(Dataset excerpts)
-------------------------

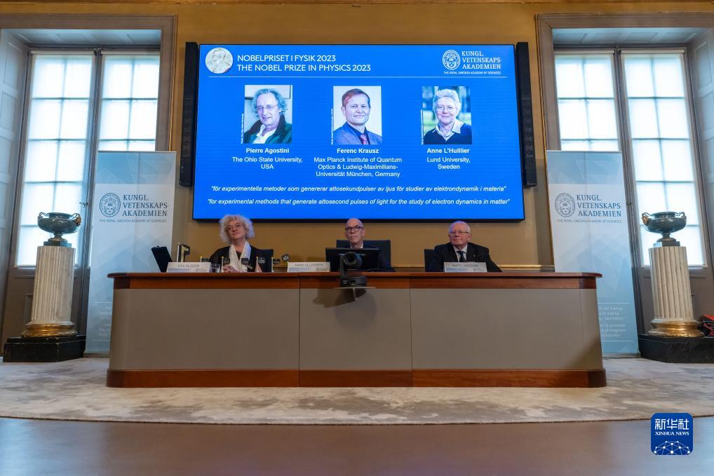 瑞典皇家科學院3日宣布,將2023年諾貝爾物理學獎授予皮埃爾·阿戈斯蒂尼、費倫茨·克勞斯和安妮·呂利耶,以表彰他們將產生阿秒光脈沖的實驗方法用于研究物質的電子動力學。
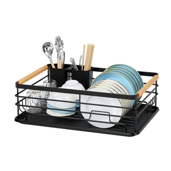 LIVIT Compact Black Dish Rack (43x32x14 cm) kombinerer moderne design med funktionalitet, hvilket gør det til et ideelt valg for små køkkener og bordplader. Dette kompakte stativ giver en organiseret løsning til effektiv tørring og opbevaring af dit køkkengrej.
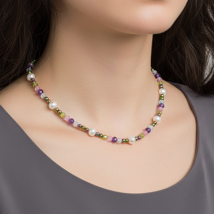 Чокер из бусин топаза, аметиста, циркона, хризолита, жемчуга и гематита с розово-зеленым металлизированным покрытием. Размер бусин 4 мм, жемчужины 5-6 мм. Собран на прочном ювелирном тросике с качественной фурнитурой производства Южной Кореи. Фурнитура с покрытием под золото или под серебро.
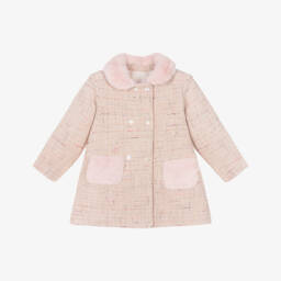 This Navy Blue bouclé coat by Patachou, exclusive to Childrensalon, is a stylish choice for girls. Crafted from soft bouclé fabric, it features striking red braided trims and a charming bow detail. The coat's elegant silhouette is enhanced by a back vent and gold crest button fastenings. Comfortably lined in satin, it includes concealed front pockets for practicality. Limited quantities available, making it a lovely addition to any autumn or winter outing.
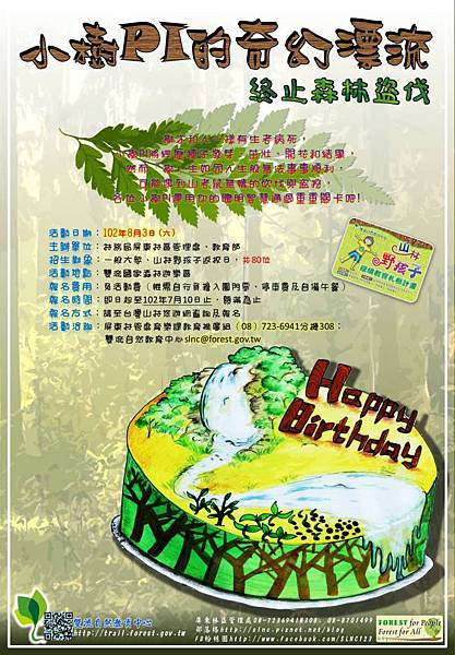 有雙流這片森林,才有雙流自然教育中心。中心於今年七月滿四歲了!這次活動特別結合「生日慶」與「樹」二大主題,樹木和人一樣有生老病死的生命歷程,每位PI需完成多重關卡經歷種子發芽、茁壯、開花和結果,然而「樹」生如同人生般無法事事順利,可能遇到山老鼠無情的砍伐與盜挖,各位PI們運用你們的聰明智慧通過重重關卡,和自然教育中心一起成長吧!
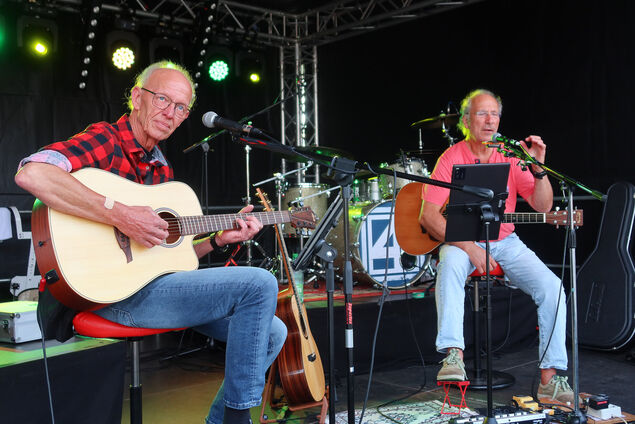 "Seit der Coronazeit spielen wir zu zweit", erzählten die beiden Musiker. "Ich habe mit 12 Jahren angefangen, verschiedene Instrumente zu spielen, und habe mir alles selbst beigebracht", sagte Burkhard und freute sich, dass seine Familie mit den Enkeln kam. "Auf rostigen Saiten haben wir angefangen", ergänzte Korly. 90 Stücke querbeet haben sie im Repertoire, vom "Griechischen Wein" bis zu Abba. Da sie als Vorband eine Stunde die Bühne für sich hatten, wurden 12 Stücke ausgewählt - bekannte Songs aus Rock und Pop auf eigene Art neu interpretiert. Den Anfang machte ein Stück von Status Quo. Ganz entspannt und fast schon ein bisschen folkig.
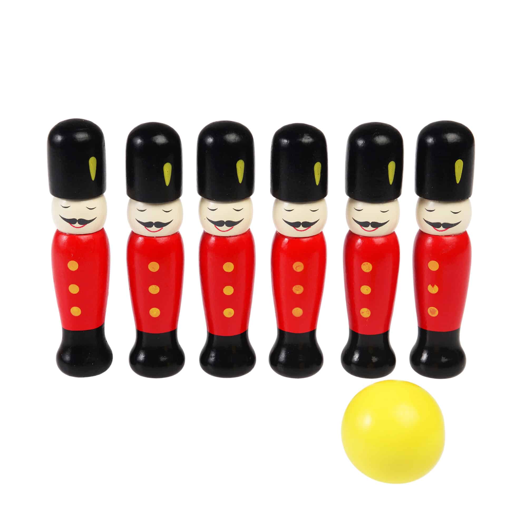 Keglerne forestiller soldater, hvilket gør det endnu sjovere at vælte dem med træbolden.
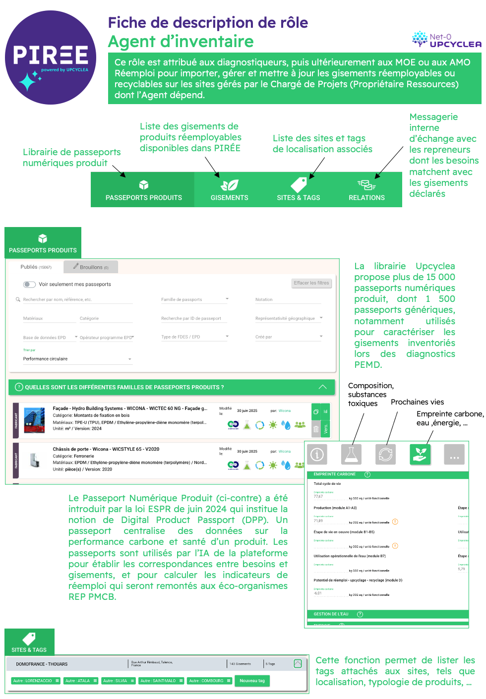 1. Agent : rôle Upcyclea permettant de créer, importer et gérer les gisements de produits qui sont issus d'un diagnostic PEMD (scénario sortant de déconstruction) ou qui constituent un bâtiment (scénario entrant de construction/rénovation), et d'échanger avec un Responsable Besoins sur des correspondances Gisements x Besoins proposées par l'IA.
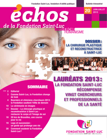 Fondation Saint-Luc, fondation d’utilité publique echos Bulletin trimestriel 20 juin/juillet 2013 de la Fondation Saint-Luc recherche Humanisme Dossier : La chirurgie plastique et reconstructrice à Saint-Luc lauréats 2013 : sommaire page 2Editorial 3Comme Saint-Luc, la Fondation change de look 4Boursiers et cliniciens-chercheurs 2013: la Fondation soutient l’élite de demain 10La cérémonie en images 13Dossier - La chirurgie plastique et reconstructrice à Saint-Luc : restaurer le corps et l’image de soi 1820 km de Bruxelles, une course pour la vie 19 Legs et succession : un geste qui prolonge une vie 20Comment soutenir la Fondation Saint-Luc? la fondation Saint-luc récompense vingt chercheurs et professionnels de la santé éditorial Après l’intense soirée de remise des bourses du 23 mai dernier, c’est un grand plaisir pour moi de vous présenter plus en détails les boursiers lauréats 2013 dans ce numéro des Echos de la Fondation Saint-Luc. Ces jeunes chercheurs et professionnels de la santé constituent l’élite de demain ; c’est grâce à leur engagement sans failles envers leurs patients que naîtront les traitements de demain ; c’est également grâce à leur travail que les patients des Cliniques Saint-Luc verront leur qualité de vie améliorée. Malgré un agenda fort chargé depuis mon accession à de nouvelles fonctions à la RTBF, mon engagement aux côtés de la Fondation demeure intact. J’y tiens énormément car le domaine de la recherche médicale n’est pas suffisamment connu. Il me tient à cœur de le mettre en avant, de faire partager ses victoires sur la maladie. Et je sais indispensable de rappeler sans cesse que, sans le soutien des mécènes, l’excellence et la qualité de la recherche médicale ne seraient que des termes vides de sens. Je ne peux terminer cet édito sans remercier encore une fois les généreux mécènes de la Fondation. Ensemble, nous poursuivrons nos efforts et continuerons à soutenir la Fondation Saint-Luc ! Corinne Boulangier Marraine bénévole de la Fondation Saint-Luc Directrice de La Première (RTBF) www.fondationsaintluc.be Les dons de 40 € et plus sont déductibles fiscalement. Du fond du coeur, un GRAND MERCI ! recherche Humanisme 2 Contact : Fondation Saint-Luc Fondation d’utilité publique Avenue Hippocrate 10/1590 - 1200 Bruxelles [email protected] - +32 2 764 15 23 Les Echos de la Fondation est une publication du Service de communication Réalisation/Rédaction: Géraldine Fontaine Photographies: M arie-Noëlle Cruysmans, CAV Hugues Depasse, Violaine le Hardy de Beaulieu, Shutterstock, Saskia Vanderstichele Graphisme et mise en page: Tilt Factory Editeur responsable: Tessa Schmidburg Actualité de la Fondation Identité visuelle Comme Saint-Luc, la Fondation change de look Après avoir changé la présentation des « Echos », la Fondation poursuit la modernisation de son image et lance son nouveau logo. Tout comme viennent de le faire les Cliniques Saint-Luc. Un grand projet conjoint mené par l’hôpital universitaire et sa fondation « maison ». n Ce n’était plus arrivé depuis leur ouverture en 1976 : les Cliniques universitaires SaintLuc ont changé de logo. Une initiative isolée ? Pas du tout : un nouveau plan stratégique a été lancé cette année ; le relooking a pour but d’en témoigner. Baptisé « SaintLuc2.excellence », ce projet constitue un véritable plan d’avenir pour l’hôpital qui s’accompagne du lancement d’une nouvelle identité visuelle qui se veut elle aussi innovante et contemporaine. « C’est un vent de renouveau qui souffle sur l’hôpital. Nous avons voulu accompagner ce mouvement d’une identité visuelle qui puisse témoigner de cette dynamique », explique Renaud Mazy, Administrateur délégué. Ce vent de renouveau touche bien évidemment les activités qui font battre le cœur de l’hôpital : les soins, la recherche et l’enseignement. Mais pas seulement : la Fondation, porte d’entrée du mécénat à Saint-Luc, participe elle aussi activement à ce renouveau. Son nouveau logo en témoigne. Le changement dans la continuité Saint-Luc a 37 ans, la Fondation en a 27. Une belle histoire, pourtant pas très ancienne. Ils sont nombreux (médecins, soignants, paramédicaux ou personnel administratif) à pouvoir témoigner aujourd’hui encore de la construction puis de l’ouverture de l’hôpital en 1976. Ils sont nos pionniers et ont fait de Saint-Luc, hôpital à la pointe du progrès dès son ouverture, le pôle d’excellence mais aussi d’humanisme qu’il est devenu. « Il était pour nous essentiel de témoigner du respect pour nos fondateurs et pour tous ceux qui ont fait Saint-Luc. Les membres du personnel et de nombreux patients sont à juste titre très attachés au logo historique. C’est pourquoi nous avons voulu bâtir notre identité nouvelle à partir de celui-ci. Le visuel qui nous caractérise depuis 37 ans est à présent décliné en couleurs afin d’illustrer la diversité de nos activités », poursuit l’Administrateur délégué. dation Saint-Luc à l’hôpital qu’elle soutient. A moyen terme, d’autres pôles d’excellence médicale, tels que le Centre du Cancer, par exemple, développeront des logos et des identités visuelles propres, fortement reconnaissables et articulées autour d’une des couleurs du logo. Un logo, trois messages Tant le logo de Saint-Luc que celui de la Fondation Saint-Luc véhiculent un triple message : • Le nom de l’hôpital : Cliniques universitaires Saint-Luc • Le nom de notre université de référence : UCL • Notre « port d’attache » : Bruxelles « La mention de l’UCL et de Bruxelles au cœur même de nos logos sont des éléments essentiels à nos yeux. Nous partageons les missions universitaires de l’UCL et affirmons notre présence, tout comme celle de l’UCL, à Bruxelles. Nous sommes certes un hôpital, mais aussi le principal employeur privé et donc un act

-------------------------

Problem description =>
Please give again the entries word for word, starting at the first line and ending with the line that contains "Чокер из бусин"; include both of those lines but none of the pictures.

Output of the exercise =>
 瑞典皇家科學院3日宣布,將2023年諾貝爾物理學獎授予皮埃爾·阿戈斯蒂尼、費倫茨·克勞斯和安妮·呂利耶,以表彰他們將產生阿秒光脈沖的實驗方法用于研究物質的電子動力學。
 LIVIT Compact Black Dish Rack (43x32x14 cm) kombinerer moderne design med funktionalitet, hvilket gør det til et ideelt valg for små køkkener og bordplader. Dette kompakte stativ giver en organiseret løsning til effektiv tørring og opbevaring af dit køkkengrej.
 Чокер из бусин топаза, аметиста, циркона, хризолита, жемчуга и гематита с розово-зеленым металлизированным покрытием. Размер бусин 4 мм, жемчужины 5-6 мм. Собран на прочном ювелирном тросике с качественной фурнитурой производства Южной Кореи. Фурнитура с покрытием под золото или под серебро.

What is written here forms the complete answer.